After-drop is a situation in which the core temperature actually decreases during rewarming. As the shell (the arms and legs) are rewarmed, the peripheral vessels in the arms and legs dilate. This dilation sends very cold blood filled with metabolic waste products from the shell into the core, further decreasing the core temperature. It is not possible to prevent after-drop, but slow controlled rewarming, the kind the person’s body is doing on it’s own in a hypothermia wrap, minimizes the negative effect.
After-drop is why you don’t try to apply direct heat sources like chemical heat packs to the person’s arms and legs. This would cause major vasodilation, which would push lots of cold blood back into the core which could cause death. Avoid after - drop by applying heat to the core only!
You should not attempt to evacuate someone in a state of severe hypothermia. Moving the person can cause the heart to stop. Send for advanced medical care or wait until the condition stabilizes. If evacuation is delayed it is recommended to put two warm rescuers inside the hypothermia wrap, one on either side of the person.
When a person is in severe hypothermia, she may appear to be dead: cold, blue skin; fixed and dilated pupils; no discernible pulse or breathing; comatose and unresponsive to any stimuli; rigid muscles. As a rescuer, you may not be sure, so your job is to rewarm the person and do CPR if indicated. Treatment follows the saying “a hypothermic patient is never cold and dead, only warm and dead.”

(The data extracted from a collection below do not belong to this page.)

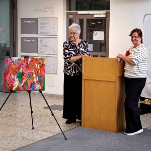 With the exhibition B4: Buntes by Beatrice Bartholomä from Bexbach, we have successfully integrated another of Edenkoben’s twin towns into the ARTinterREGIONAL network. Perhaps this will help revitalize the twin town relationship.
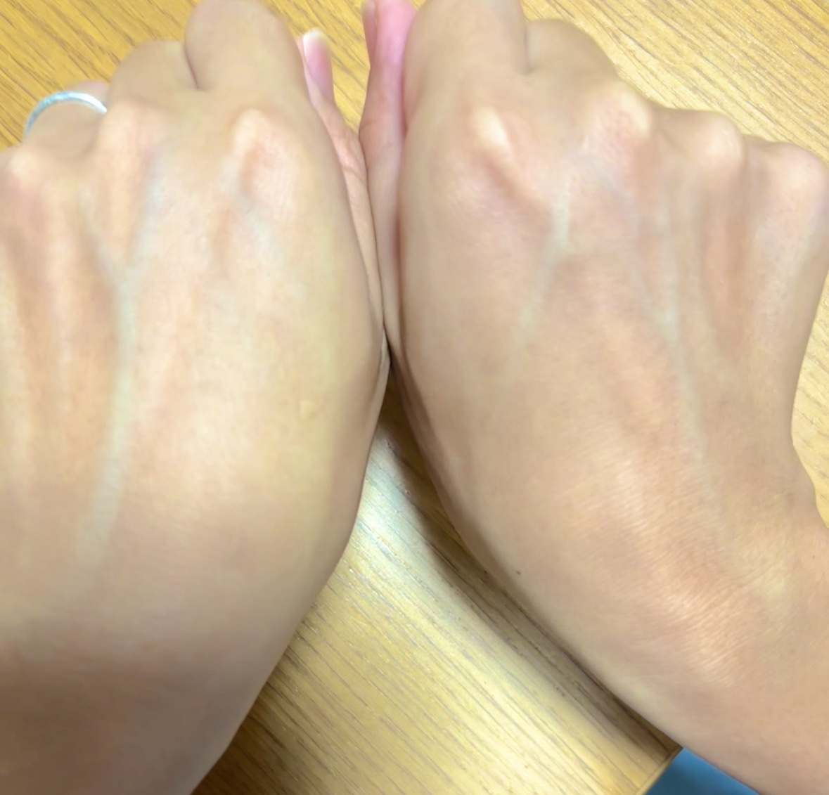 写真では左の手の甲にこちらの商品を塗ってから化粧水、右は化粧水のみで5分ほどおいてからの写真です。なんとなく左の方がツヤが出ている気がします😊【使った商品】PDRNキューブミドルショット2000セラム30ml【商品の特徴】針美容液で毛穴の約1...
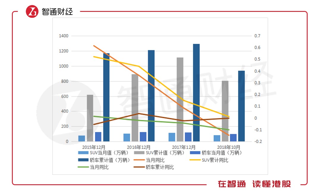 在乘用車車型中,2015年以來,SUV當月及當年累計銷量增長呈過山車式下滑,從2015年的61.5%和52.2%下滑至2018年10月份的-14.7%和1.2%,而轎車一直保持著負增長的態(tài)勢。以SUV車型為主的車企,首當其沖的是長城汽車,2018年首10月,其SUV銷量下滑了5.91%,哈弗SUV銷量下滑17.08%。
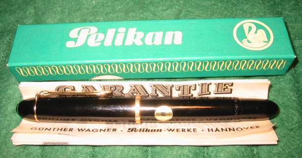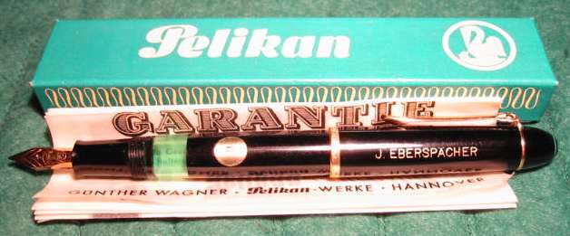Pelikan 140 in near mint condition. Has a advertising on cap "J. Eberspächer". Has been inked, but no signs of use or age visible. Comes in original card box with manual and has still the sticker "M" showing the nib size. Pelikan 140 in black are rarer as the more common in green striped. Not easy to find in this condition. |

1. Make sure you do a complete assessment of heart rate before beginning CPR. Remember, the heart rate may be 2 to 3 per minute and the breathing rate one per thirty seconds. During severe hypothermia, the heart is hyperexcitable, and mechanical stimulation (including CPR, moving the patient, or after-drop, see page 299) may result in ventricular fibrillation, leading to death. As a result CPR itself may be contraindicated for some hypothermia situations. Also, instituting cardiac compressions while the heart is still beating on its own may lead to life - threatening arrhythmias. Check the carotid pulse for a longer time period (up to a full minute) to ascertain if there is some slow heartbeat. Even though the heart is beating very slowly, it is filling completely and distributing blood fairly effectively. External cardiac compressions are only 20 to 30 percent effective. Thus, the body may be able to satisfy its reduced circulatory needs with only 2 to 3 beats per minute. Be sure the pulse is absent before beginning CPR. Once you start doing CPR you will need to continue as you rewarm the person.

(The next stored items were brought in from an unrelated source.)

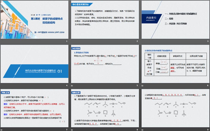 认识有机化合物PPT,第二部分内容:01有机化合物中碳原子的成键特点
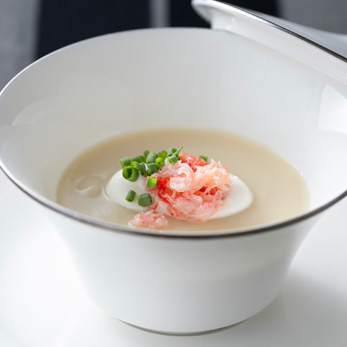• <スープ>蟹身の入ったトリュフ香るカリフラワーのスープ
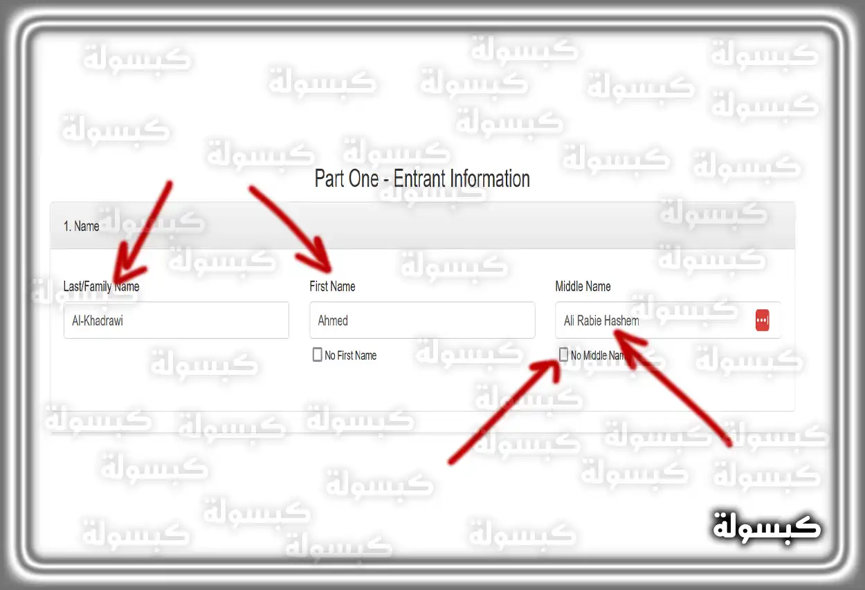 بعد ما اتبعنا الخطوات الأولى ندخل على الخانة Middle Name هنا ببساطة انت هتكتب كل الأسماء اللي بين اسمك الأول والأخير يعني لو احنا مأخذين المثال اللي فات: Ahmed Ali Rabie Hashem Al-Khadrawi الأسماء اللي بين Ahmed و Al-Khadrawi هي: Ali Rabie Hashem وطبعا لو تبى انك لا تكتب الأسماء الوسطى ببساطة علم على خيار No Middle Name وكده يبقى تمام ومش هيكون فيه أي مشكلة إن شاء الله.
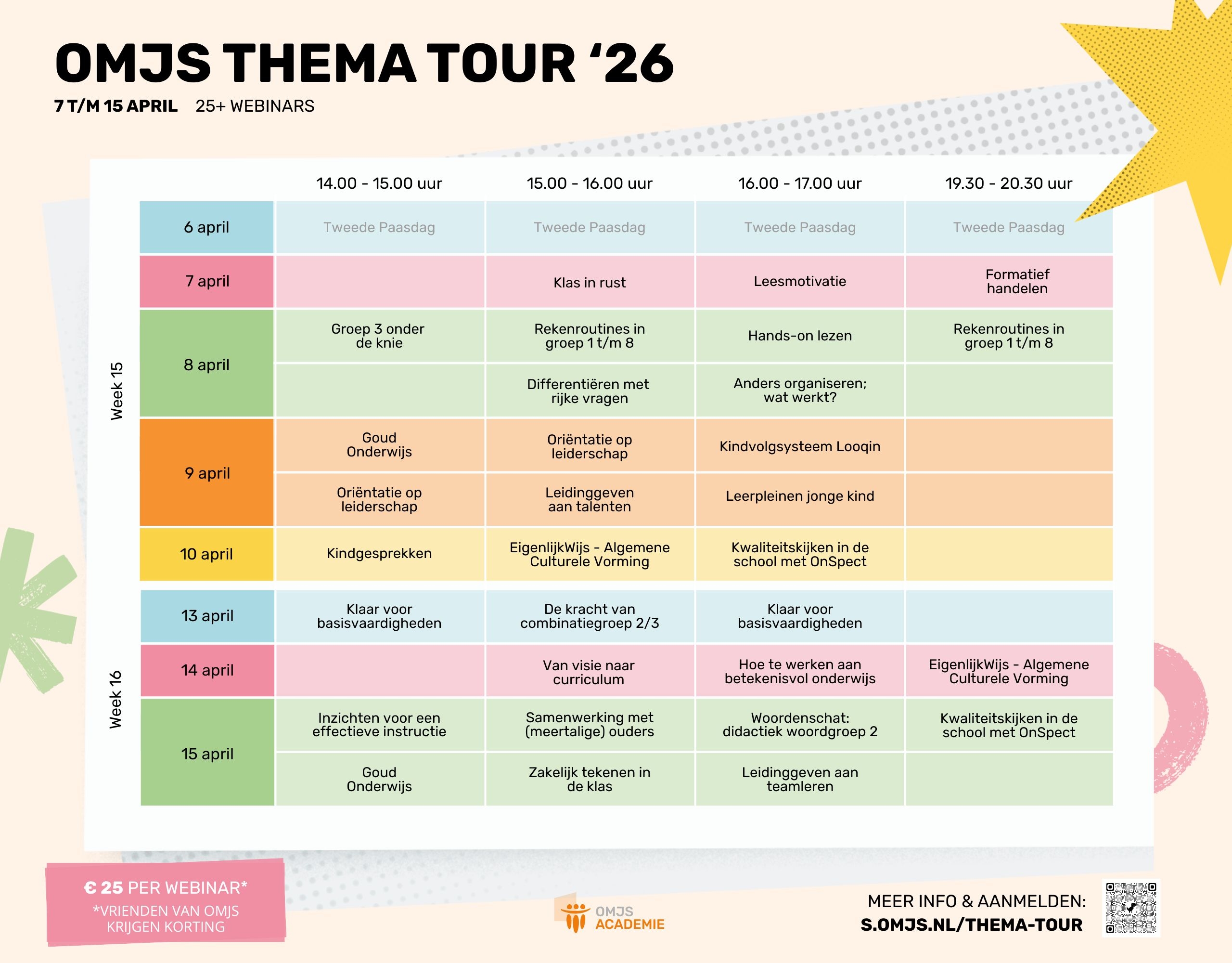 Tijdens de Thema Tour van Onderwijs Maak Je Samen staan 25+ webinars op de planning. Van 7 t/m 15 april 2026 vind je tal van inspirerende webinars waarin we samen bouwen aan sterk en betekenisvol onderwijs.
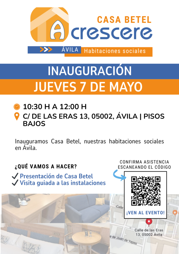El próximo jueves 7 de mayo inauguramos en Ávila Casa Betel, nuestro hogar de habitaciones sociales pensado para dar una respuesta concreta ante una realidad cada vez más extendida: la de jóvenes y familias, especialmente monomarentales, con hijos e hijas menores de edad, que, aún teniendo empleo e ingresos, no logran acceder a una vivienda o incluso a una habitación en condiciones dignas y estables.
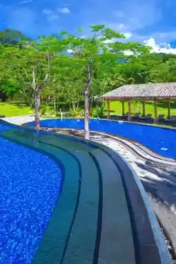 The hotel has stand-alone villas. We stayed in the main building of the hotel. We stayed in a garden-view room. The balcony is the hotel's garden. There is a hot spring pool on the balcony of each room. Soaking in the hot spring, looking up at the distant Qixianling. The clouds and mist are lingering, and the mountains are undulating. It seems like a painting carefully arranged by nature. There are male and female divisions here. The pool is surrounded by pebbles. The hot spring water flows gently. It is surrounded by lush woods. It seems to be in the embrace of nature. The hotel's breakfast is a buffet breakfast. There are many varieties. There are both Western and Chinese styles. It can also be made on the spot. It can satisfy the needs of both the elderly and children. There is also a free coffee machine in the lobby. Have a cup of coffee before leaving. It's another energetic day.

2. Ventilation (air being moved in and out of the lungs) may have stopped but respiration (oxygen and carbon dioxide exchange in the blood) may continue. The oxygen demands for the body have been so diminished with hypothermia that the body may be able to survive for some time using only the oxygen that is already in the body. If ventilation has stopped, artificial ventilation (rescue breathing) may be started to increase available oxygen. In addition, blowing warm air into the person’s lungs may assist in internal rewarming.